REVERBERAÇÕS DO EVENTO DE 23/11 EM PORTO ALEGRE[1]
O MITO DO INDIVÍDUO
Liane Pessin Gutierrez
Psicanalista – EBEPPOA
Por que usar a palavra “mito” no título desta breve reflexão sobre uma experiência de encontro coletivo que vivi no 23/11, no Studio Clio, em Porto Alegre?

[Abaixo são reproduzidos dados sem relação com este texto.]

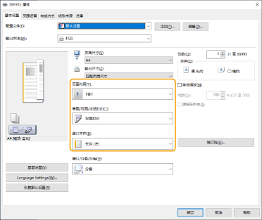 3 | 检查打印预览时,设置[页面布局] [页面顺序] [单面/双面/手册打印] [装订方向]。 |
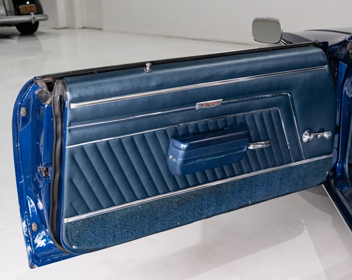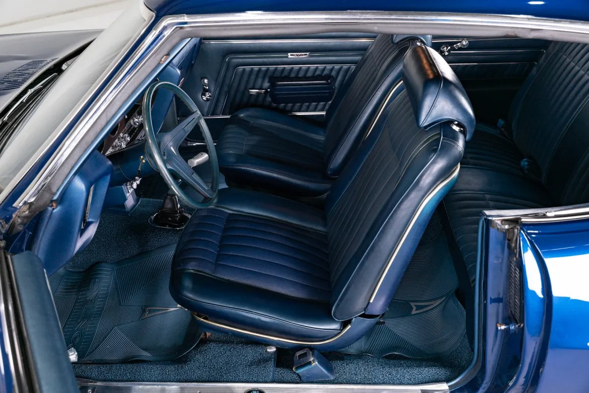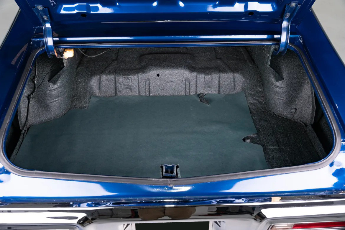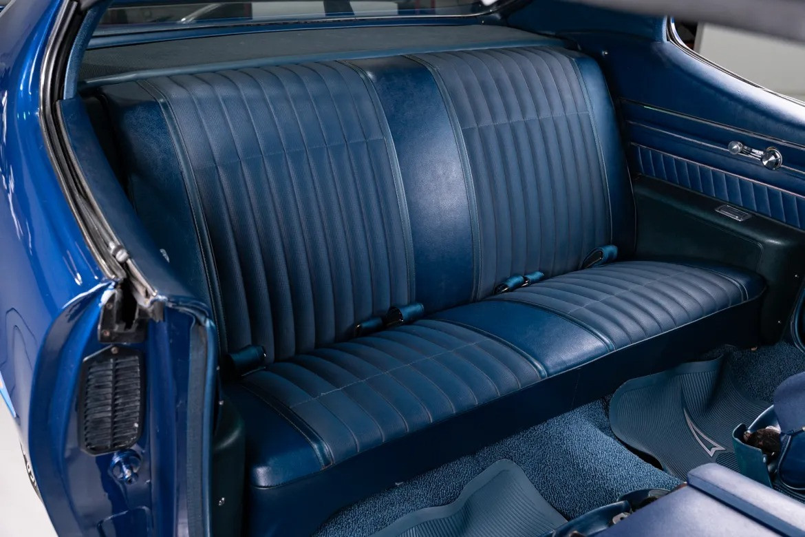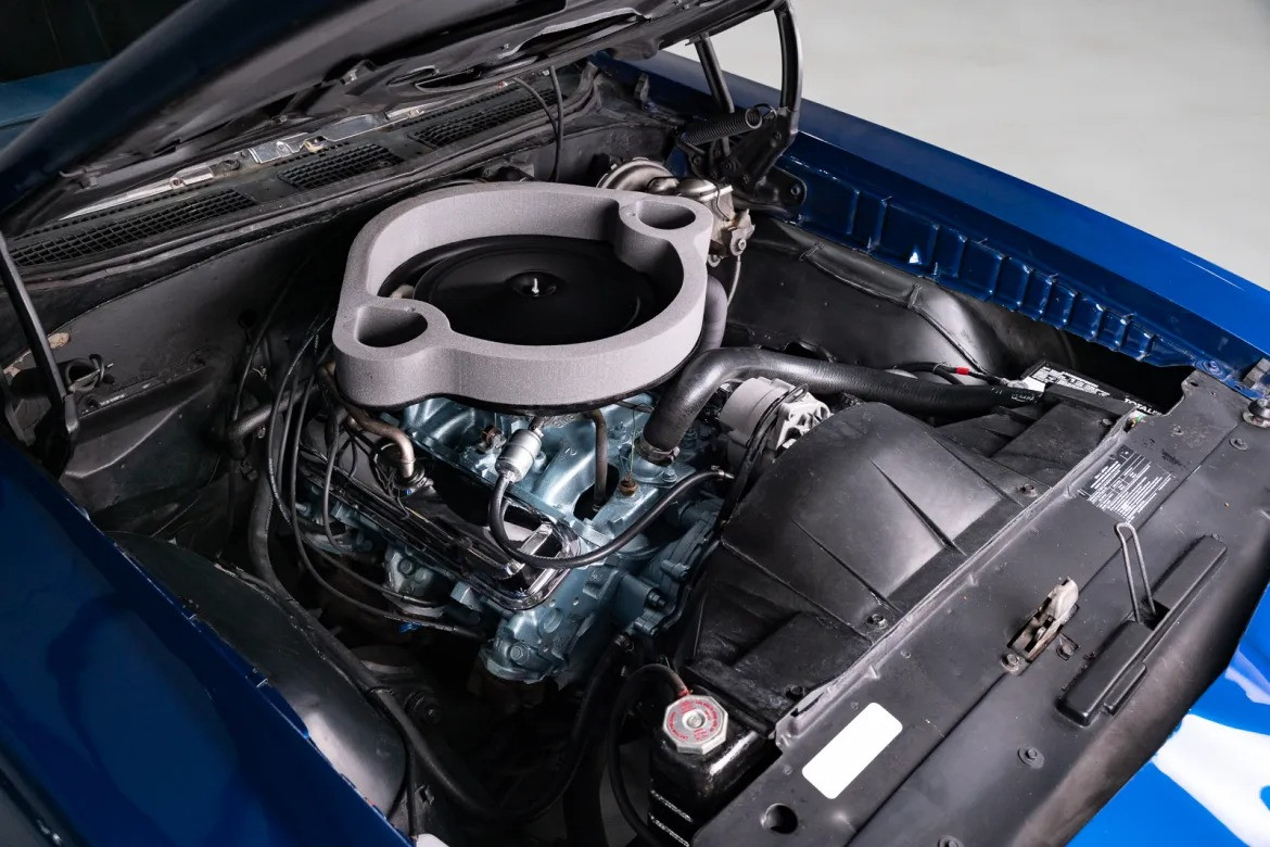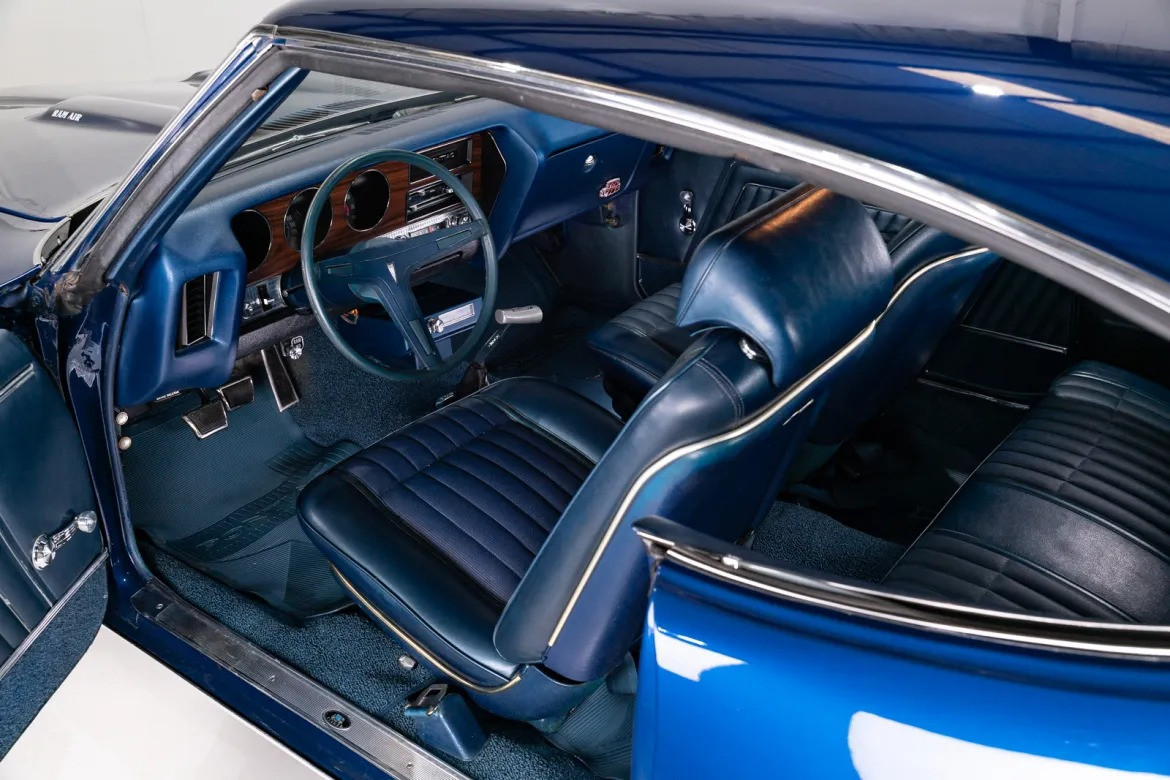 Интерьер: Салон выполнен в синем цвете, идеально сочетающемся с цветом кузова. Внутри установлены классические ковшеобразные сиденья и центральная консоль. Оснащение включает оригинальное AM-радио и восьмидорожечный плеер (8-track). Приборная панель и все элементы управления находятся в превосходном состоянии.
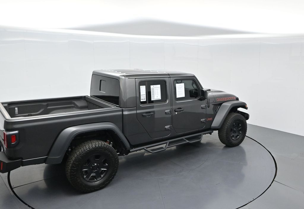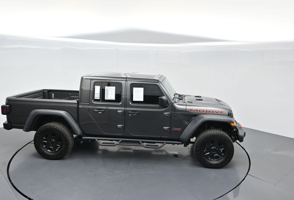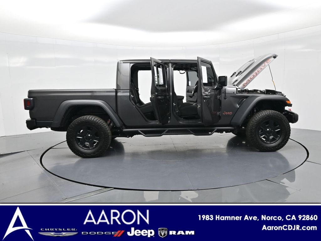 Built for high-speed desert running and off-road dominance, this 2023 Jeep Gladiator Mojave in Granite Crystal Metallic Clearcoat offers unmatched capability with the rugged versatility of a pickup. Powered by a 3.6L V6 engine paired with an 8-speed automatic transmission and a 4.10 rear axle ratio, its engineered for strength and precision over challenging terrain. The Mojave trim stands out with heavy-duty suspension featuring FOX internal bypass shocks, reinforced frame components, locking rear differential, and high-clearance fender flares over LT285/70R17 all-terrain tires mounted on black aluminum wheels. Off-road credentials are backed by Jeeps Command-Trac 4x4 system, skid plates, rock rails, and a Desert Rated badge signifying enhanced durability in extreme heat, sand, and dust. Inside, the cabin blends function and comfort with premium cloth bucket seats with sport bolsters, heated front seats, heated steering wheel, Uconnect 4C NAV with 8.4-inch touchscreen, Apple CarPlay, Android Auto, Alpine premium audio, and dual-zone automatic climate control. Added features include the Cold Weather Group, Mopar spray-in bedliner, body-color 3-piece hard top, remote start, rear sliding window, and Selec-Speed control for confident descents. With only 19,949 miles, a clean 1-owner CARFAX history, and well-documented maintenance, this Gladiator Mojave is in excellent condition and still under factory warranty. Perfect for those who want pickup practicality with the heart of a desert racer, this Gladiator Mojave delivers the capability, durability, and performance to conquer the toughest terrain. Come take it for a drive and see where it can take you next.
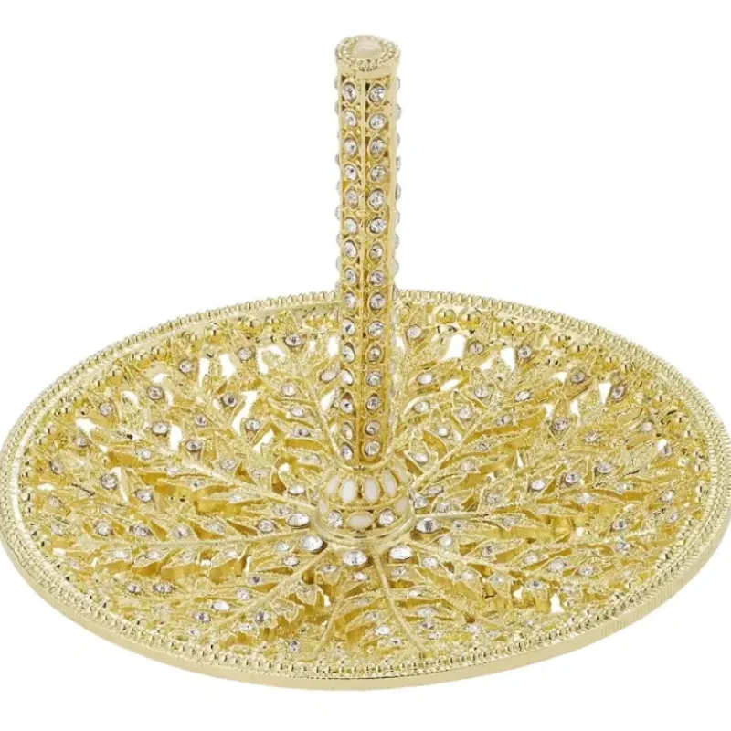 Gold finished pewter acanthus leaf pattern. encrusted with hand-set clear European crystals. Embellished on top with white cat’s eye cabochon. Tarnish resistant. Signature luxury gift box included.
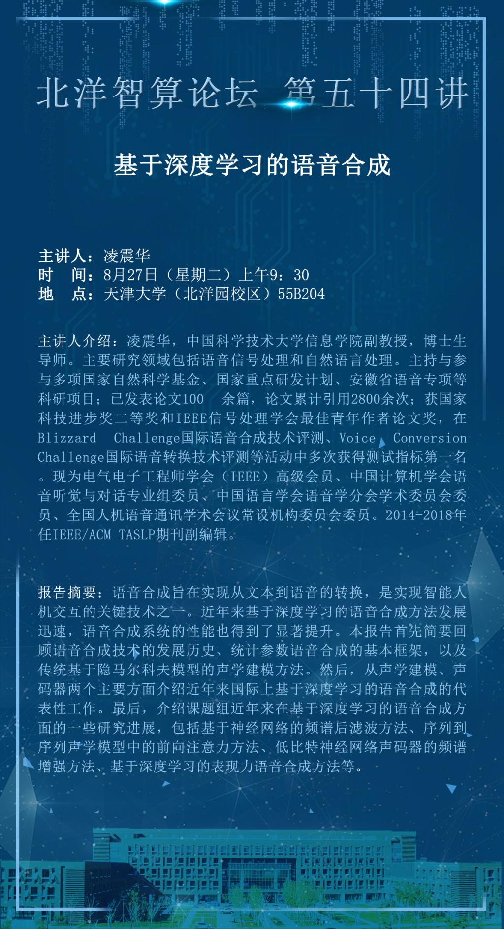 凌震华:中国科学技术大学信息学院副教授,博士生导师。主要研究领域包括语音信号处理和自然语言处理。主持与参与多项国家自然科学基金、国家重点研发计划、安徽省语音专项等科研项目;已发表论文100 余篇,论文累计引用2800余次;获国家科技进步奖二等奖和IEEE信号处理学会最佳青年作者论文奖,在Blizzard Challenge国际语音合成技术评测、Voice Conversion Challenge国际语音转换技术评测等活动中多次获得测试指标第一名。现为电气电子工程师学会(IEEE)高级会员、中国计算机学会语音听觉与对话专业组委员、中国语言学会语音学分会学术委员会委员、全国人机语音通讯学术会议常设机构委员会委员。2014-2018年任IEEE/ACM TASLP期刊副编辑。

“Mito”, palavra tão (ab)usada atualmente… Travessuras do inconsciente à parte, vou utilizá-la porque foi justamente o que me veio à cabeça após a intensidade de afetos que circularam naquele encontro. Mais uma experiência de queda do mito do Indivíduo, foi o que pensei.
Como um dos ídolos da Modernidade, a ideia de indivíduo aponta para a possibilidade de um homem livre, autônomo e criador do seu próprio destino. Um homem que está no centro de sua vida e que se relaciona com os outros na medida de sua vontade e necessidade de construção do campo social. Sua integração, ideia essencial, se sustentaria pelas condições desejáveis e conquistáveis de racionalidade, consciência de si e identidade.
Temos que considerar que, como produção do espírito moderno, a forma Indivíduo é uma expressão humana de desejo de liberdade e criou efeitos de libertação. Entretanto, na complexidade da experimentação dos “projetos-indivíduo” surgem seus mal-estares que reapresentam a condição humana desta forma, ou seja, ela não é uma superação, é uma contingência genealógica, parcial e datada. Consumindo-se nas suas contradições, a forma Indivíduo vai desvelando seu idealismo despótico e performático no homem empreendedor de si, nas crenças onipotentes infantis de controle e de auto superação e na suposição da liberdade individual.
A unidade substancial da consciência é posta à prova e não resiste. Os três grandes críticos da modernidade (Freud, Nietzsche e Marx), desde perspectivas diferentes, construíram obras que analisaram os sintomas da decadência desse mito.
Quando, no evento do dia 23, tratamos de falar do homem que só é homem porque deseja sonhar seu lugar, porque existe na tarefa de produzir os seus sonhos, vivemos juntos a queda daquele que não é dividido, in-diviso, Indivíduo. Nossas partes clamaram por encontro para poderem falar, porque só se sente falando quem é escutado, quem escuta seu eco em alguém.
É no tecido da linguagem, que é coletiva, que nos precede e que nos convoca para a partilha, que podemos bordar a nossa singularidade e construir um lugar para habitarem nossas diferenças. Este é o sonho da democracia, o sonho de investimento do lugar comum, arquitetura de potencialização da erótica da vida.
[1]“Por quê sonhar a democracia?” Evento conjunto do EBEPPOA e PPD em comemoração aos 3 anos de existência do PPD, realizado em 23/11/2019, no Studio Clio, em Porto Alegre.